Wulfnoth Godwinson (1040–1094) was the youngest brother of King Harold II of England. The sixth son of Earl Godwin of Wessex, Wulfnoth was given as a hostage in childhood, and, as a result of war and political intrigue, was subsequently held in captivity for 43 years before dying, the longest-ever imprisonment of a member of British royalty.

==Biography==
Wulfnoth was given as a hostage to Edward the Confessor in 1051 as assurance of Godwin's good behaviour and support during the confrontation between the earl and the king which led to the exile of Godwin and his other sons. Upon Godwin's return to England at the head of an army a year later, following extensive preparations in Ireland and Flanders, Norman supporters of King Edward, and especially Archbishop Robert of Jumièges fled England. It is likely at this point that Wulfnoth (along with Hakon, son of Svein Godwinson, Godwin's eldest son) was spirited away by the fleeing archbishop, and taken to Normandy, where they were handed over to Duke William of Normandy.
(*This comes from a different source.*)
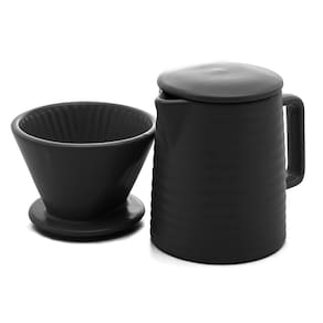 Praticidade com charme na hora do café: O bule acompanha suporte para filtro compatível com (102) e tampa, permitindo coar e servir diretamente na peça, ideal para quem aprecia o ritual do café passado na hora. Design clean e atemporal: Com acabamento preto e linhas simples, o bule combina facilmente com qualquer estilo de cozinha ou mesa posta, do clássico ao moderno. Capacidade ideal para servir: Com 600ml, é perfeito para preparar até 3 xícaras de café, sendo uma ótima escolha para momentos a dois ou pequenas pausas no dia.

According to Historia novorum in Anglia by English historian Eadmer, the reason for Harold's excursion to Normandy in 1064 or 1065 was that he wished to free Wulfnoth as well as his nephew Hakon. To this end he took with him a vast amount of wealth, all of which was confiscated by Count Guy I of Ponthieu when Harold and his party were shipwrecked.
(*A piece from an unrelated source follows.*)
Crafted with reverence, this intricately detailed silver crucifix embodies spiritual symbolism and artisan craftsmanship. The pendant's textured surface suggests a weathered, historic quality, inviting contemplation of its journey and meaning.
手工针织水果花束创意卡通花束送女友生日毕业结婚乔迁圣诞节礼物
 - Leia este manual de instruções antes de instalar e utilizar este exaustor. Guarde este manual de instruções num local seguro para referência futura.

However, Harold's reasons for travelling to the continent are not clear, and there are other reasonable explanations, not the least of which was a sounding out among continental magnates of a response to his own intention to ascend the English throne at one point, given Edward's advanced age and lack of heir. When later Harold allegedly swore an oath to William agreeing to become his vassal and to support his succession to the English crown, one of the promises made by William in return, according to Eadmer, was that Wulfnoth would be returned safe and sound when William had become king. Harold's assumption of the crown broke this alleged agreement and Wulfnoth was not released until 1087, by the dying King William I in an amnesty. He was only freed briefly, before King William II Rufus took him to confinement in England.

Wulfnoth stayed in sometimes comfortable, if not enviable, captivity in Normandy and later in Hampshire and Wiltshire, and died in Winchester in 1094, still a prisoner. It is unknown if he ever fathered children.

==Popular culture==
On screen, Wulfnoth was portrayed by Michael Pennington in the two-part BBC TV play Conquest (1966), part of the series Theatre 625.